Good Day, I googled this without luck. It seems like it's possible, but I might be reading the API wrong. How can I have scikit-learn automatically drop the extra columns in my pandas dataframe, on my testing data, instead of explicitly having to drop those columns?

I am currently running Python 3.6 in my environment and v 0.24.2 of sklearn.

To show this with an example here's the code:

from sklearn.compose import ColumnTransformer
from sklearn.preprocessing import OneHotEncoder
from sklearn.preprocessing import MinMaxScaler

import pandas as pd

from random import randint
from random import choice
import random

random.seed(42)

df = pd.DataFrame({
    'cont_A': [randint(1,10) for _ in range(10)], 
    'cont_B': [randint(-20,20) for _ in range(10)],
    'cat_A': [choice('ABC') for _ in range(10)],
    'cat_B': [choice('XYZ') for _ in range(10)],
})

This will create a dataframe with two categorical columns and two continuous columns.

t = [
    ('cat', OneHotEncoder(), ['cat_A', 'cat_B']),
    ('nums', MinMaxScaler(), ['cont_A', 'cont_B'])
]

columnTransformer = ColumnTransformer(t, remainder='drop')
X_train = columnTransformer.fit_transform(df)
X_train

We can fit-transform our columnTransformer on our initial training data. Now let's say we generate our testing or input data before we want to run our model.

df_test = pd.DataFrame({
    'cont_A': [randint(2,9) for _ in range(3)], 
    'cont_B': [randint(-19,19) for _ in range(3)],
    'cat_A': [choice('ABC') for _ in range(3)],
    'cat_B': [choice('XYZ') for _ in range(3)],
    'extra_A': [randint(1,5) for _ in range(3)], 
    'extra_B': [randint(1,5) for _ in range(3)], 
    'extra_C': [randint(1,5) for _ in range(3)], 
})

This testing dataframe has 3 extra columns that are not of value to us. I want the columnTransformer to automatically drop them and process the remaining (if this is possible) without having to explicitly drop them.

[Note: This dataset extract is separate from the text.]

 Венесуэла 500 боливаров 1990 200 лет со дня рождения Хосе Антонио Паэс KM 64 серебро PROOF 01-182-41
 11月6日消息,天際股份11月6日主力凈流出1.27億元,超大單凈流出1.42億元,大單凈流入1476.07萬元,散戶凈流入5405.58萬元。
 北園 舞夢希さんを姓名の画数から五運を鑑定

If I run the columnTransformer on this data:

LST = columnTransformer.transform(df_test)

It will cause an error:

ValueError: X has 7 features, but ColumnTransformer is expecting 4 features as input.

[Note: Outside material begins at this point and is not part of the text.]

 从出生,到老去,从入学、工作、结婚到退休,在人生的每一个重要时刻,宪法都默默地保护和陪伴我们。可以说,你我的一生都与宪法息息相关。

However, if I explicitly drop those columns, it will run. I thought defining the remainder='drop' would have addressed this issue but it does not seem to help:

df_test_dropped = df_test.drop(['extra_A', 'extra_B', 'extra_C'], axis=1)
LST = columnTransformer.transform(df_test_dropped)

How can I (if it's even possible) have columnTransformer automatically drop non-relevant columns (instead of having to explicitly drop them)?

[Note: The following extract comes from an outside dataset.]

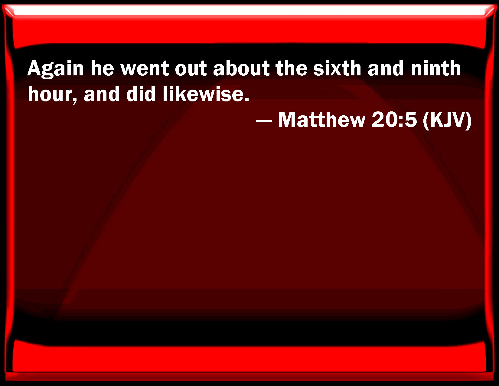 Bible Verse Slide Matthew 20:5 Again he went out about the sixth and ninth hour, and did likewise. KJV: Again he went out about the sixth and ninth hour, and did likewise. DRB: And they went their way. And again he went out about the sixth and the ninth hour, and did in like manner. DBT: Again, having gone out about the sixth and ninth hour, he did likewise. ERV: Again he went out about the sixth and the ninth hour, and did likewise. WBT: Again he went out about the sixth and ninth hour, and did likewise. WEB: Again he went out about the sixth and the ninth hour, and did likewise. YLT: and they went away. 'Again, having gone forth about the sixth and the ninth hour, he did in like manner.Links Matthew 20:5 NIV • Matthew 20:5 NLT • Matthew 20:5 ESV • Matthew 20:5 NASB • Matthew 20:5 KJV • Matthew 20:5 Interlinear • Matthew 20:5 Commentaries • Matthew 20:5 Parallel Texts • Matthew 20:5 Bible Apps • Matthew 20:5 Parallel • Bible Hub |

CodePudding user response：

remainder='drop' tells the transformer to drop columns in the training set that don't fit into any of the transformers. It doesn't say to ignore additional columns in a test set, and there is currently no way to accomplish that: all estimators expect to receive inputs in the same format at fitting and transform/prediction.

CodePudding user response：

In this line

columnTransformer = ColumnTransformer(t, remainder='drop')

the kwarg remainder=drop is already dropping the columns not specified by the list of transformers t.